I think the gap year is for a lot of people an eye-opening experience. It allows them to go to college with a much better understanding, appreciation, and conception of what it should be.”

— Jim Mahoney

He adds, “I felt like if I didn’t do the postgrad year   . . . I would always regret it.” This gap year will allow him to play lacrosse while also giving him “experiences in a new environment.”

Ferguson has similar aspirations for next year. He is playing Junior Hockey in order to hopefully be recruited by colleges and be able to continue his hockey career. He says, “I will get to continue playing a sport that I love, make connections and live in a new part of the country.”

Allie Clark ‘16 is taking a gap year for non-athletic reasons. She will work in a lab in Montana to pursue her passion for science. Graduating young for her grade,  at 16, she   wanted to get more experience before going to college. Clark says that she is taking a gap year to get “real world experiences before heading off to college.”

Similarly, Kelsey Swing ‘16 flew to France for the second semester of her gap year to travel and “gain world perspective.” She believes, “the more angles you look at something, the better it is that you can understand it.” Swing has applied this belief to her year of travel as she emphasizes the importance of taking a break and seeing the world from entirely new perspectives.

Jim Mahoney, Senior Grade Dean and College Counselor, echoes this message saying, “I think the gap year is for a lot of people an eye-opening experience. It allows them to go to college with a much better understanding, appreciation, and conception of what it should be.” A gap year often allows a student to take a breath of fresh air and step back from the chaos of life sometimes.

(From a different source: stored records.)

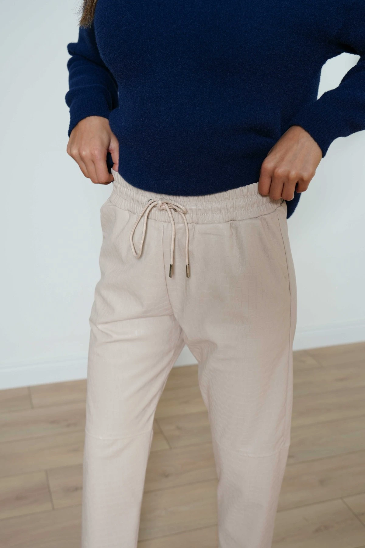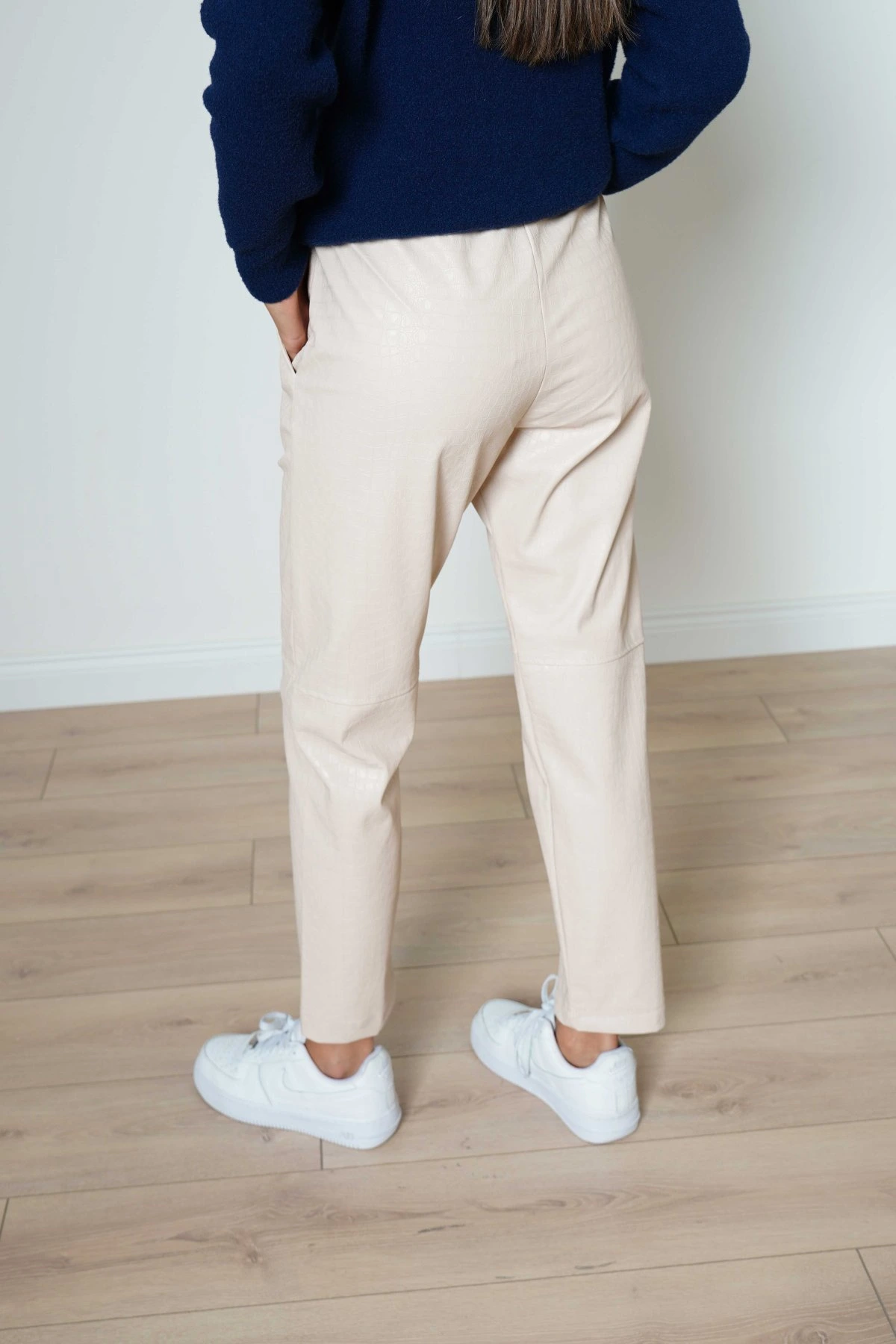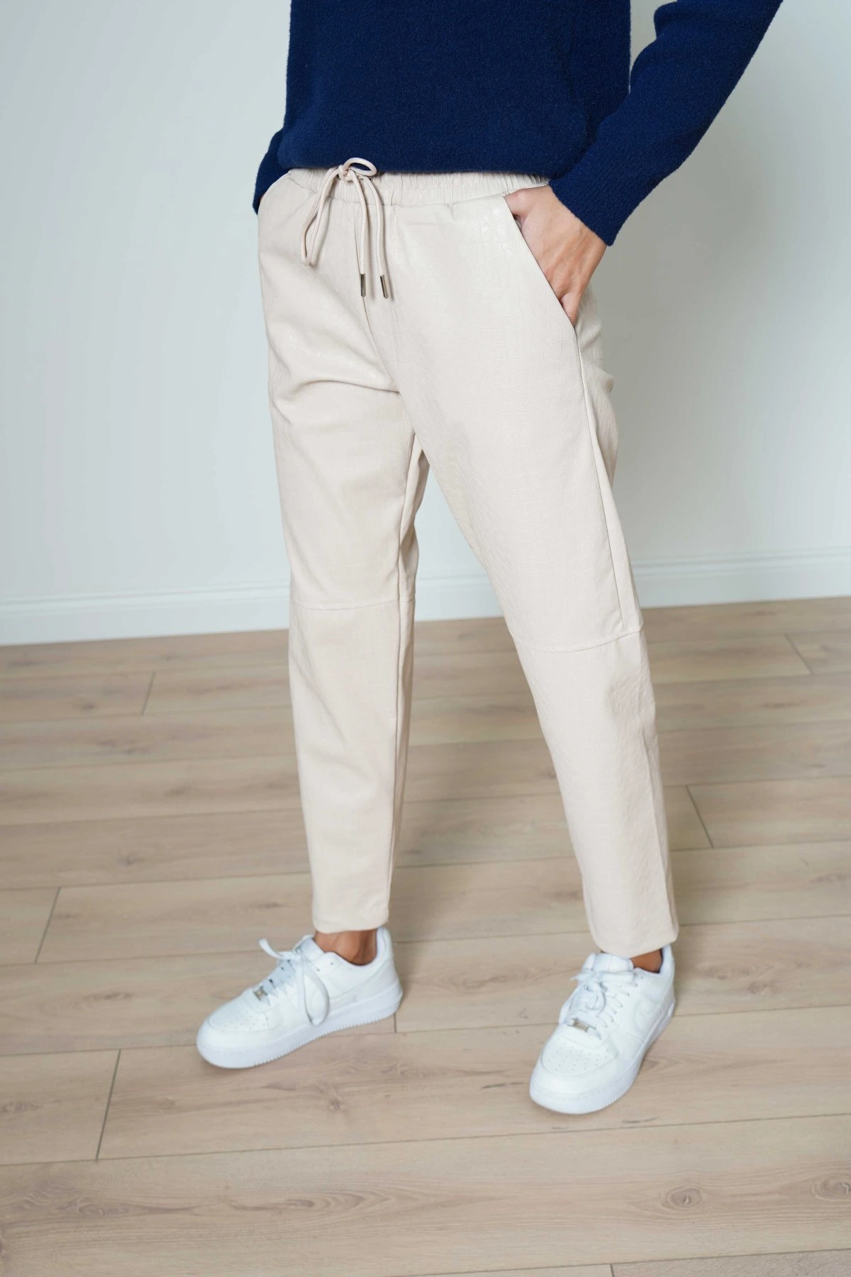 KROKODİL DESEN DİZ DİKİŞLİ DERİ PANTOLON – TAŞ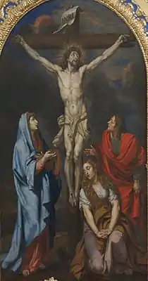 His altarpieces are in a style, which mixes Flemish, Venetian and Roman classical models derived from Rubens, Raphael, Titian, Tintoretto, Poussin and Pietro da Cortona. Notable is the Flemish surface realism, a colouring in differentiated brown and red tones, which evolved to more red colours toward the 1680s and changed to a mellow tone with more pink colours towards the end of his residence in Central Europe. The colour schemes of his oil paintings as well as his portrait art, which has mainly been preserved in copper engravings, were highly regarded by his contemporaries.[1]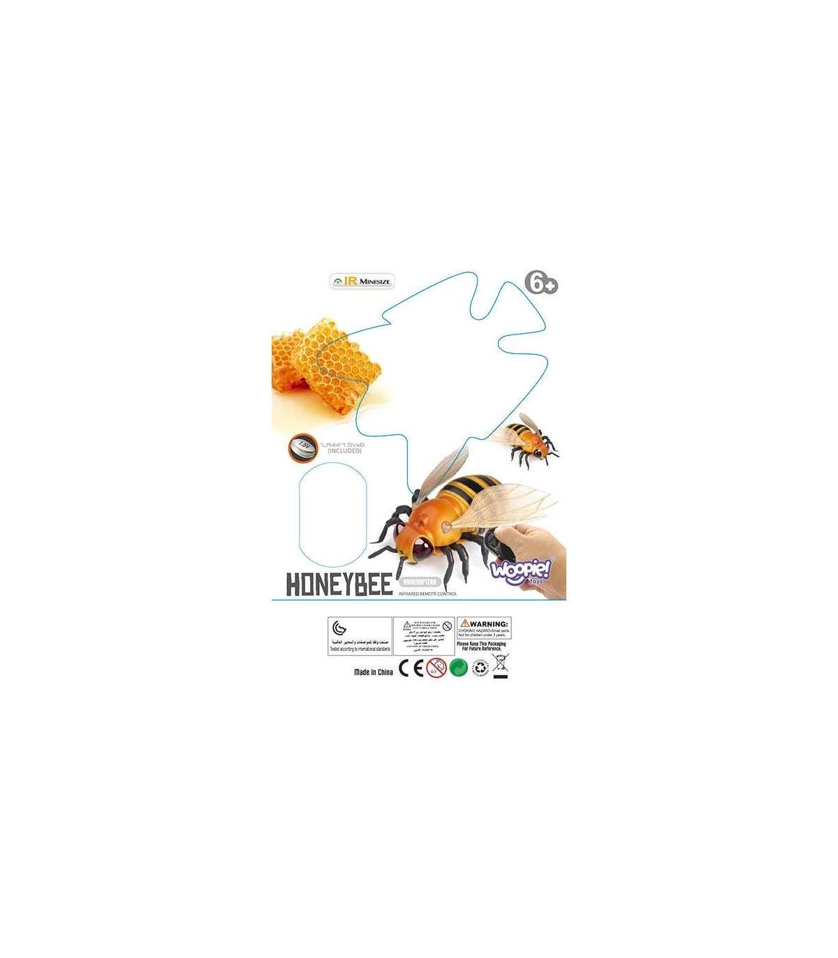 Zdalnie Sterowana Pszczoła na Pilot od marki WOOPIE to zdalnie sterowany robot w formie pszczoły, przeznaczony dla dzieci powyżej 6 roku życia. Robot jest kolorowy, z wyraźnymi czarnymi i żółtymi pasami, imitującymi wygląd prawdziwej pszczoły. Skrzydła są przezroczyste i szczegółowo odwzorowują strukturę skrzydeł owada. Sterowanie odbywa się za pomocą dołączonego pilota z technologią podczerwieni.

Nick Swaggert ‘99 and Poppy Harlow ‘01 have spoken in symposia recently, both taking unconventional routes to their current professions. Swaggert did not go directly to college and enlisted in the Marine Corps. Harlow was not accepted to law school, which was her intended path, but was  instead hired by CNN where she is now the weekend anchor of CNN Newsroom. This unlikely path veered off in a direction that allowed her to discover the career that she loves.